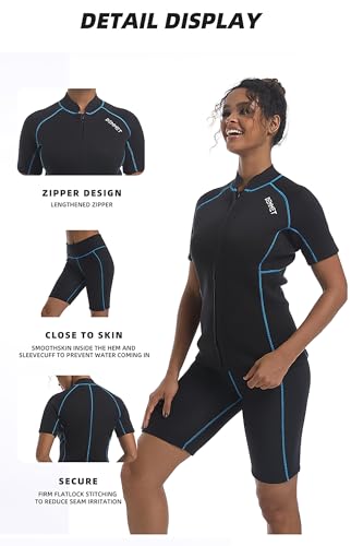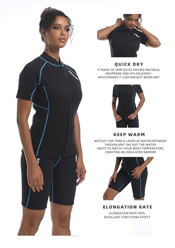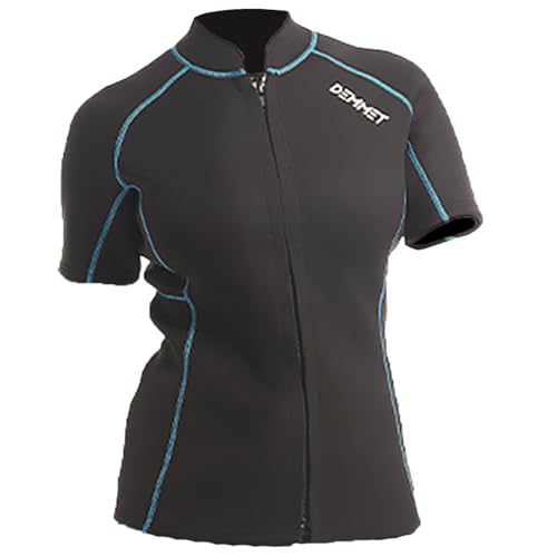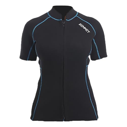 DEMMET Wetsuit Top Short Sleeve 1.5mm/3mm Neoprene Shorts Wetsuit Jacket Men Women High Stretch Wetsuit Couple’s Front Zip Wetsuit Swim Dive Snorkeling Surf Kayak Canoe
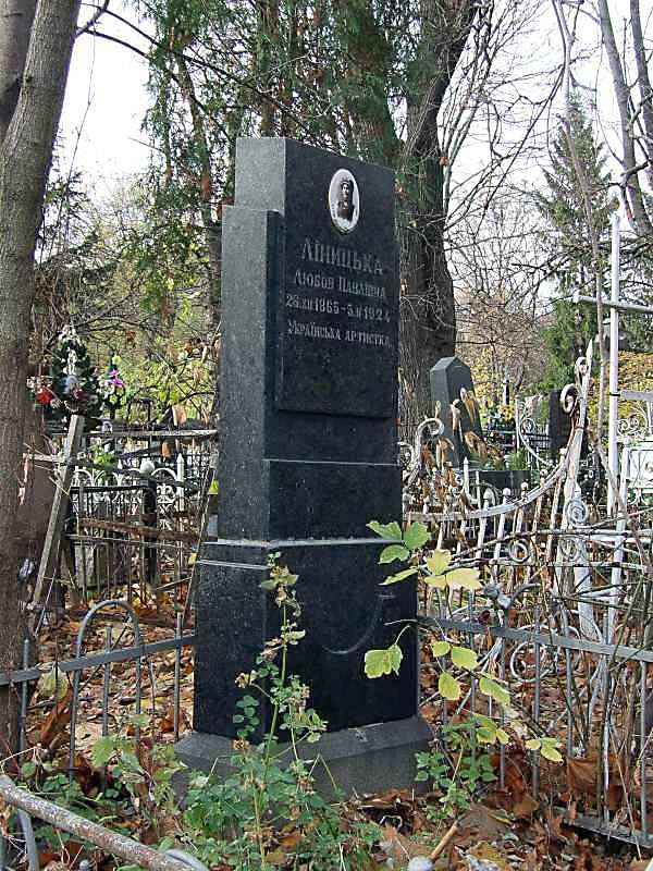 Могила Л.П.Ліницької – актриси, пам’ятник 1956 р. [Памятники истории и культуры Украинской ССР. – К.: 1987 г., с. 20].
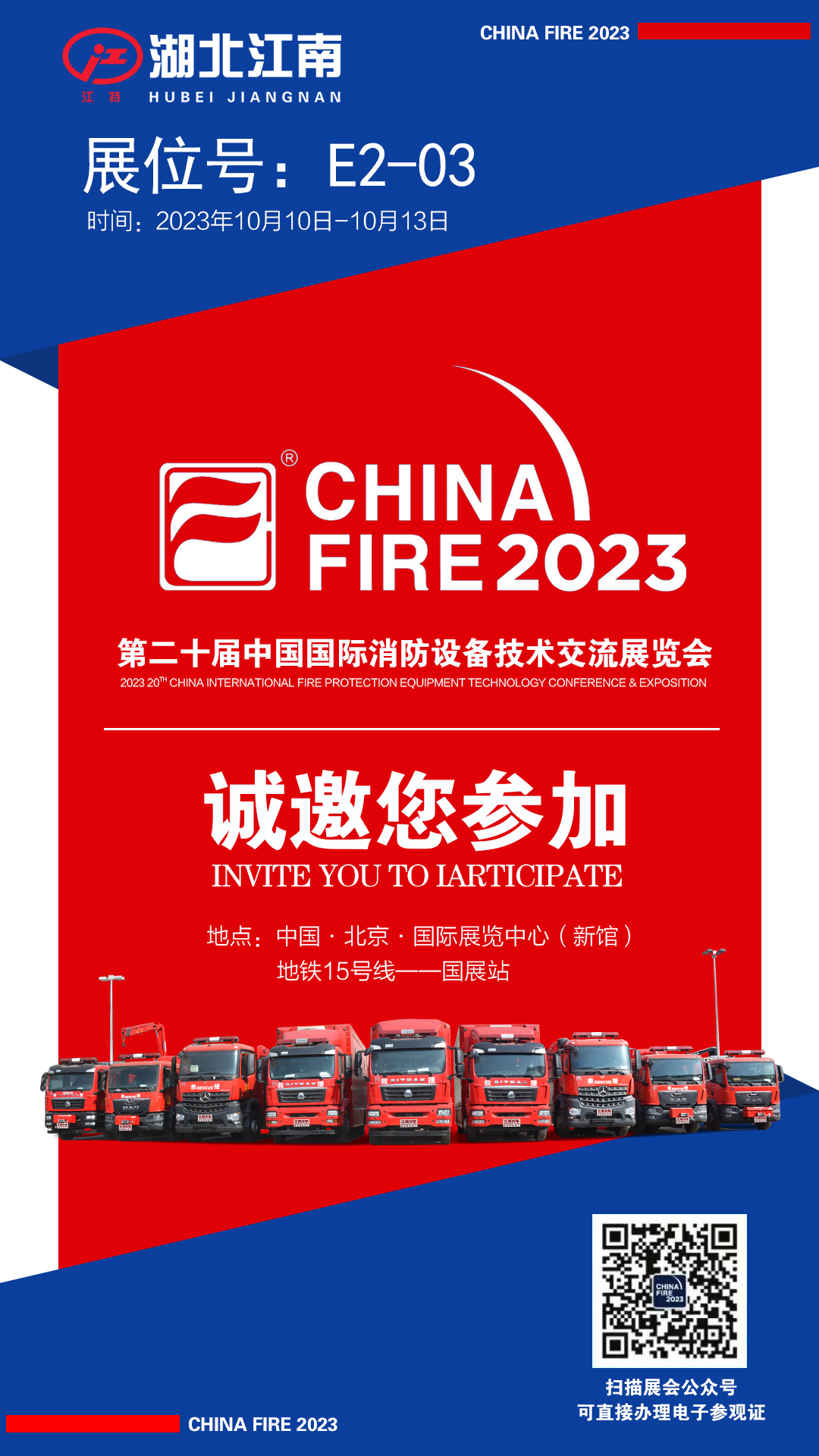 10月10日--13日,第二十屆中(zhōng)國(guó)國(guó)際消防設備技(jì )術交流展覽會在北京市順義區(qū)中(zhōng)國(guó)國(guó)際展覽中(zhōng)心新(xīn)館舉辦(bàn),湖(hú)北江南專用(yòng)特種汽車(chē)有(yǒu)限公(gōng)司展位号E2-03,熱忱歡迎新(xīn)老朋友前來參觀、指導!

Activity >> Exactly as given, set down each line of the material, but include no pictures.

Expected output >>
 DEMMET Wetsuit Top Short Sleeve 1.5mm/3mm Neoprene Shorts Wetsuit Jacket Men Women High Stretch Wetsuit Couple’s Front Zip Wetsuit Swim Dive Snorkeling Surf Kayak Canoe
 Могила Л.П.Ліницької – актриси, пам’ятник 1956 р. [Памятники истории и культуры Украинской ССР. – К.: 1987 г., с. 20].
 10月10日--13日,第二十屆中(zhōng)國(guó)國(guó)際消防設備技(jì )術交流展覽會在北京市順義區(qū)中(zhōng)國(guó)國(guó)際展覽中(zhōng)心新(xīn)館舉辦(bàn),湖(hú)北江南專用(yòng)特種汽車(chē)有(yǒu)限公(gōng)司展位号E2-03,熱忱歡迎新(xīn)老朋友前來參觀、指導!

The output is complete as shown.